A la Conclusión sigue una 'Bibliografía general', que
incluye "Obras de Duns Escoto' (en latín y traducciones), 'Textos
antiguos y medievales', 'Estudios' y 'Otros textos'. Tanto en
traducciones como en comentarios es extraña la ausencia total de
la lengua española. Se cita sólo un artículo español de la
miscelánea 'Via Scoti', Roma 1995, donde también figura, entre
otros varios, la disertación de Bernardimo de Armellada,
Antropología escotista del «status iste» (¿Frente a otras
situaciones posibles?, pp.927-949. El tema de la libertad en su
incidencia en el tema de la gracia según Escoto y el escotismo, se
trata en el libro del mismo autor, La gracia, misterio de
libertad. El "Sobrenatural" en el Beato Escoto y en la Escuela
Franciscana, (Bibliotheca Seraphico-Capuccina, 52). Istituto
Storico dei Cappuccini, Roma 1997). 397 pp.

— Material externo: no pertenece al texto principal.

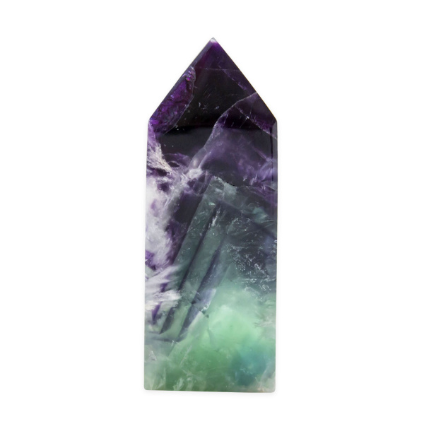 Description: Feather Fluorite Point. Feather Fluorite is a variety of Fluorite, forms in a wide variety of hues, typically purple, green, yellow, blue, and pure form – colorless. It is composed of calcium fluoride and is a member of the Halide family.

Aunque sólo hemos analizado algunos puntos más centrales,
creemos sinceramente que L. hace ver con claridad - repetitiva a
veces - la profunda lógica y la atendibilidad teológica y
filosófica del pensamiento de Escoto en su profundización del
misterio del Dios cristiano. Y hacemos votos de que encuentre un
eco positivo tanto en los ambientes filosóficos como teológicos,
sin que se quiera ligeramente ver en el Doctor Sutil un adversario
intrigante o un precursor de liberaciones engañosas.